Андрей зашел в квартиру, прошел к себе в комнату. На кровати лежал автомат. Один из тех. Может быть, принадлежал тому самому… Как он попал сюда? Артемич, вроде, собрал оружие и принес. Да, один из стволов болтался на шее, остальные нес старик — это Андрей помнил. Но вот дальше — как в тумане. Заходил ли домой? Наверно, заходил, потому что одежда на нем новая. Старую он снял и завязал в три пакета, потом выбросил. Надо было сжечь, подумал он отрешенно.

Андрей положил руку на холодный металл. И сразу же отдернул, словно обжегся. Друзья, блин, подумал он вяло. Хорошо иметь друзей. Удобно. Один друг богатый, другой сильный, третий никогда не подведет — надежно, уверенно, хорошо иметь друзей. Вот только плохо, когда друзьям от тебя что-то требуется. Помощи в работе, денег взаймы, или — убить человека. Что же это за дружба? Да и есть ли она? Может быть, это лишь корысть? Плата за удобство, за поддержку, за уверенность в завтрашнем дне… Ведь на самом деле — не бросят, не подведут, всегда поддержат, помогут. Даже спустить крючок автомата помогут. Знать ничего не хочу, никого не хочу, заснуть, и не проснутся.

Андрей усилием поднял автомат, упер дуло в нёбо, нажал… Сухой щелчок. Даже смеяться не хочется. Русская рулетка — патрон в патроннике даст осечку или нет? Разбери и собери патрон — сказал Гаврила.

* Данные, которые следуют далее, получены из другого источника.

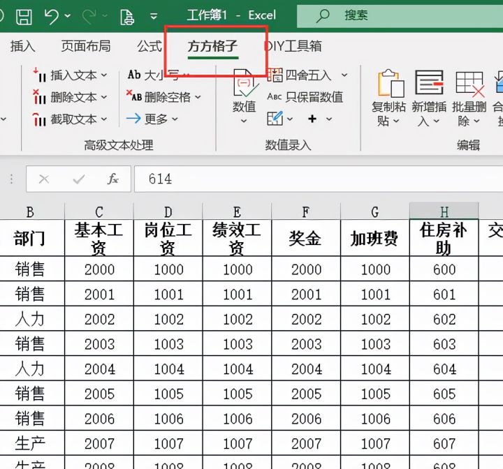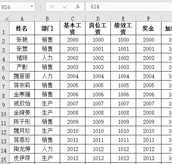 1.打开excel文件,如下图是某公司工资表,现在想要按照部门的不同分别拆分为多个独立工作簿。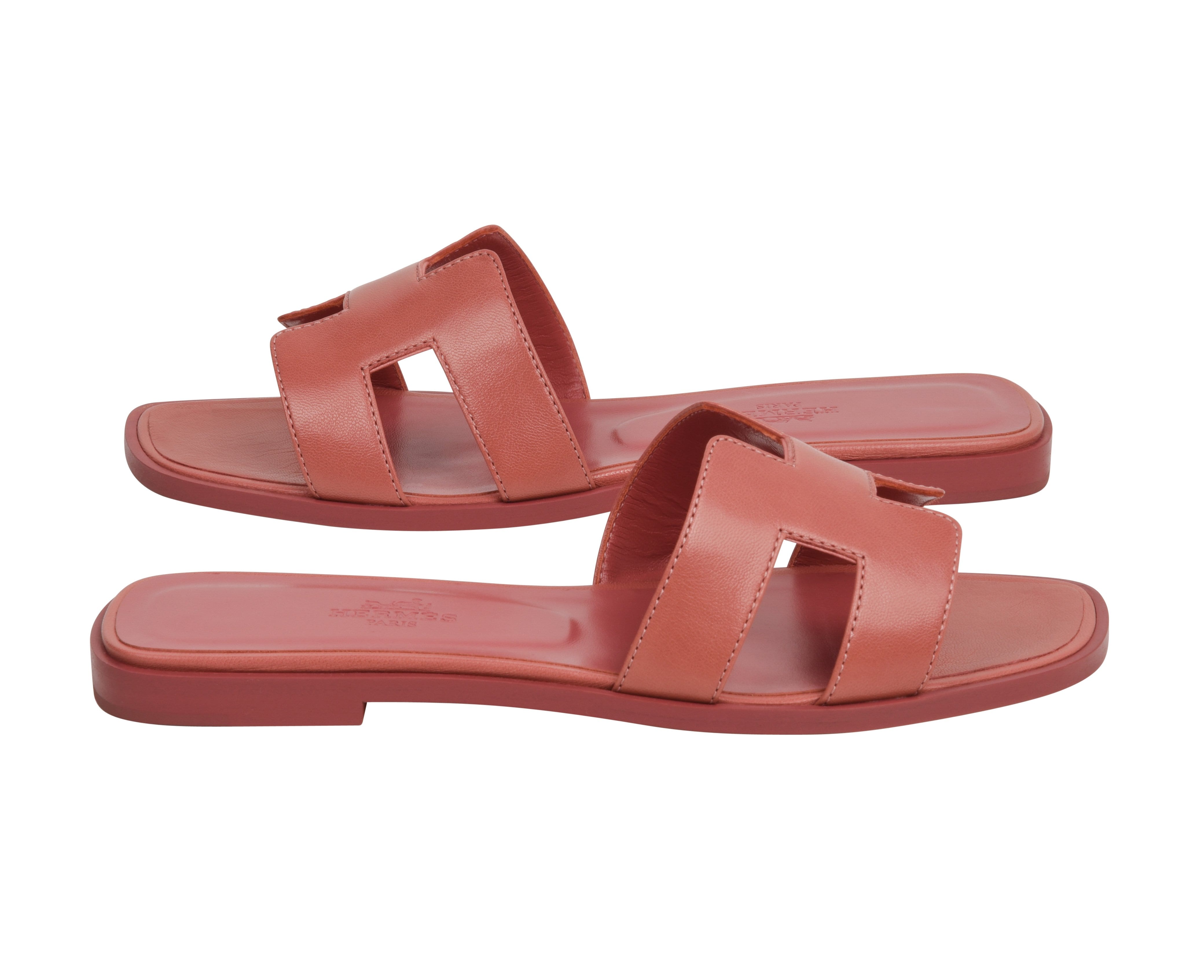 Limited Edition Hermes Oran exquisite rare to find Rouge Blush pink chevre leather slide.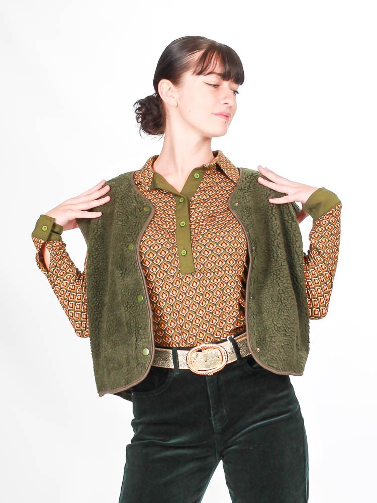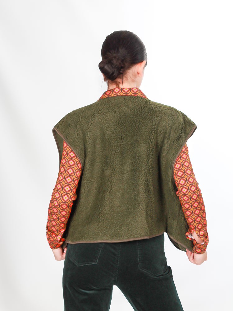 Gilet sans manches effet moutonné, léger et doublé. Fermeture pression pratique, poches latérales fonctionnelles, encolure V élégante. Parfait pour un look casual ou superposé !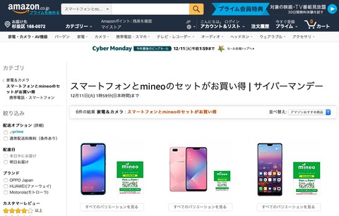 | Amazonサイバーマンデーは12月9日23:59まで!セール対象のSIMフリースマホをチェック |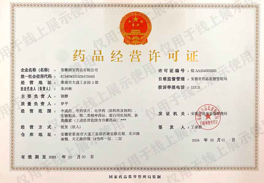 公司地址:安徽省淮南市大通區大通工業園三期淮南康寶藥業有限公司
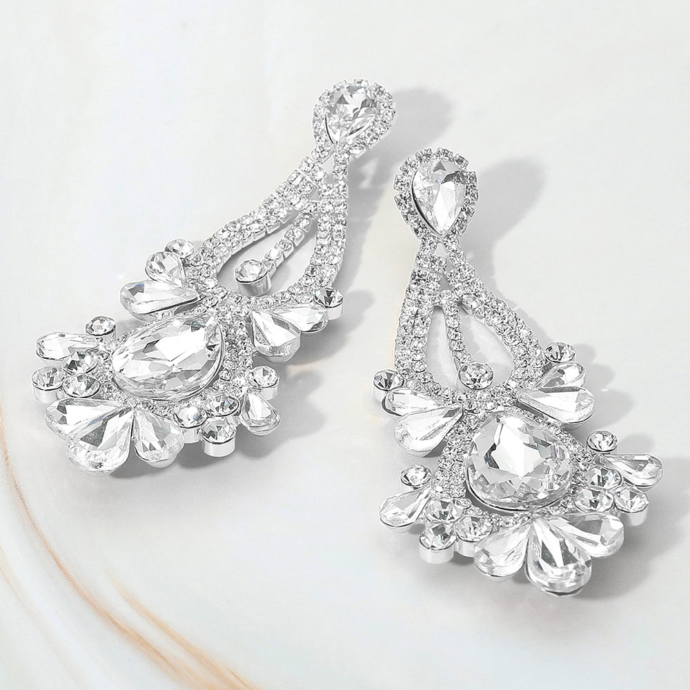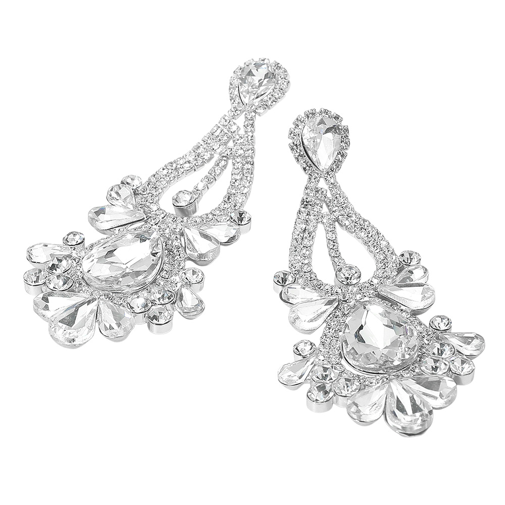 Details • Size : 1.5" X 3.1" • Post Back • Turn heads with these iridescent teardrop statement earrings, featuring a dazzling arrangement of shimmering stones and intricate detailing. Perfect for parties, weddings, and glamorous occasions, these earrings add a bold touch of sparkle and sophistication to any elegant look. • Lead and Nickel Compliant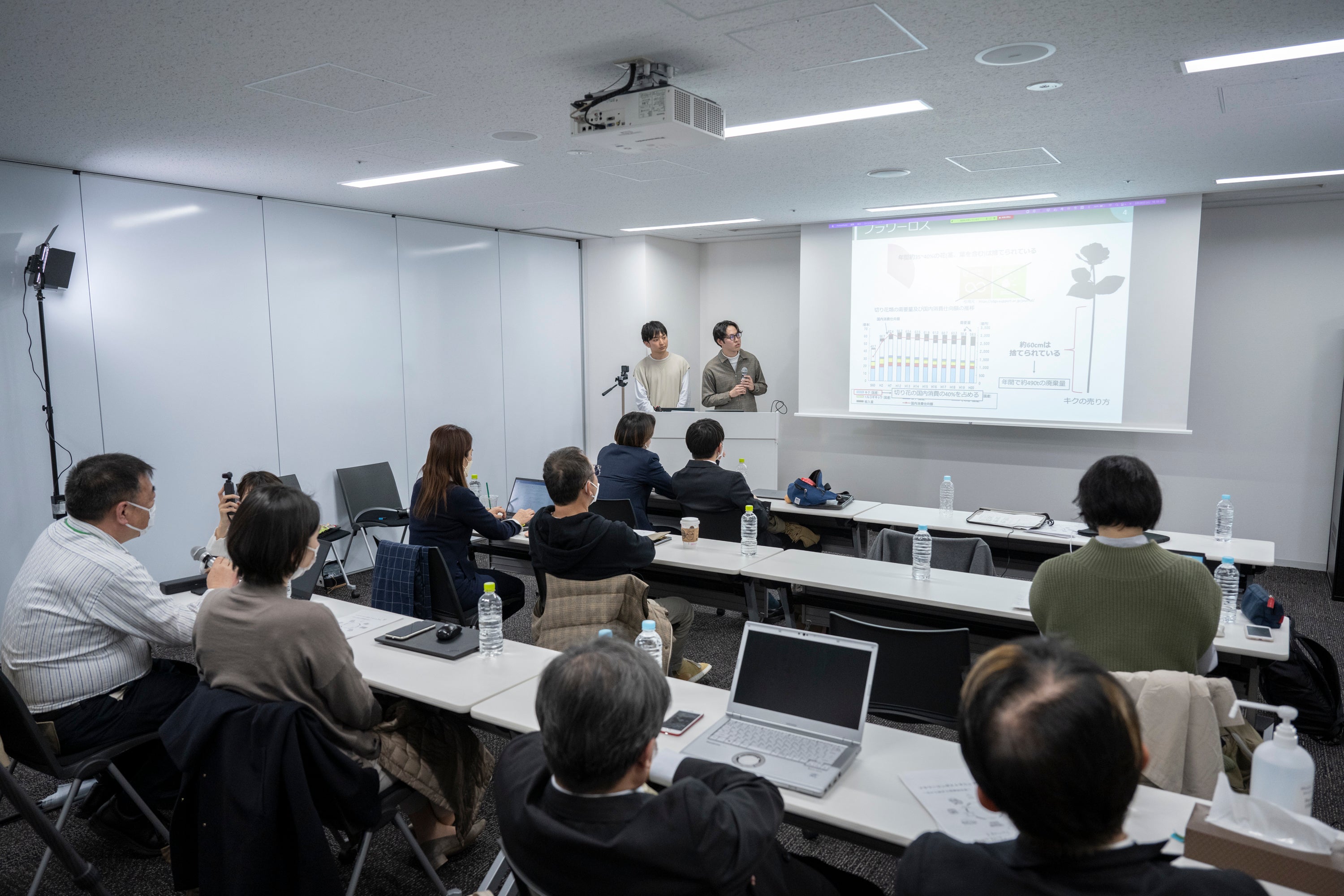 プロジェクトが発足して約1年、発案した学生による詳細の調査・研究のほか、花キューピット関係者と学生で各チーム6回のディスカッションを重ね、最終研究成果発表会を2022年3月29日に早稲田大学リサーチイノベーションセンター(東京都新宿区)にて開催しました。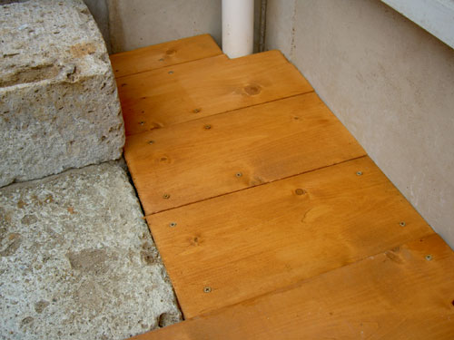 帰ってきてから玄関の床張り。 少しの部分だけに板を何度もカットして微調整。 これで玄関の土の部分が隠れてくれた。

Андрей прошел в прихожую, достал чемодан с инструментами. Разобрать и собрать — что проще? Пуля никак не хотела вылезать, пока Павин не взял клещи. Осмотрел со всех сторон остроконечную блестящую каплю, постучал гильзой по полировке стола. Снова засунул пулю в гильзу, взял тупоносые обжимные губки. На чем бы проверить? Выйти на улицу? Нет, лучше здесь, в привычной обстановке. Он сдернул с дивана покрывало, одеяло, простыню, матрац. Положил автомат на розовую в цветочках обивку, проследил, чтобы дуло смотрело в торец полки с книгами, чтобы пуля не попортила обои. На пламегаситель положил подушку, снова накинул матрац, покрывало, одеяло, еще подушек. Протиснул сквозь слои ткани ладонь, уверенно взялся за рукоять.

— Бу! — ухнуло в глубине дивана. Тихо, почти не слышно, тем более что Женя где-то на улице, помогает. Только треск и стук — блестящая смерть проложила путь через толщу дерева и бумаги.

Андрей решил не доставать оружие. Слабость из пальцев пропала, движения стали уверенными и четкими. Еще один патрон — клещи, пуля, гильза, губки. Ему захотелось сделать сразу четыре штучки, чтобы оставить после себя не прощальное письмо, а напоминание. Но отбросил эту мысль. Он сам — напоминание.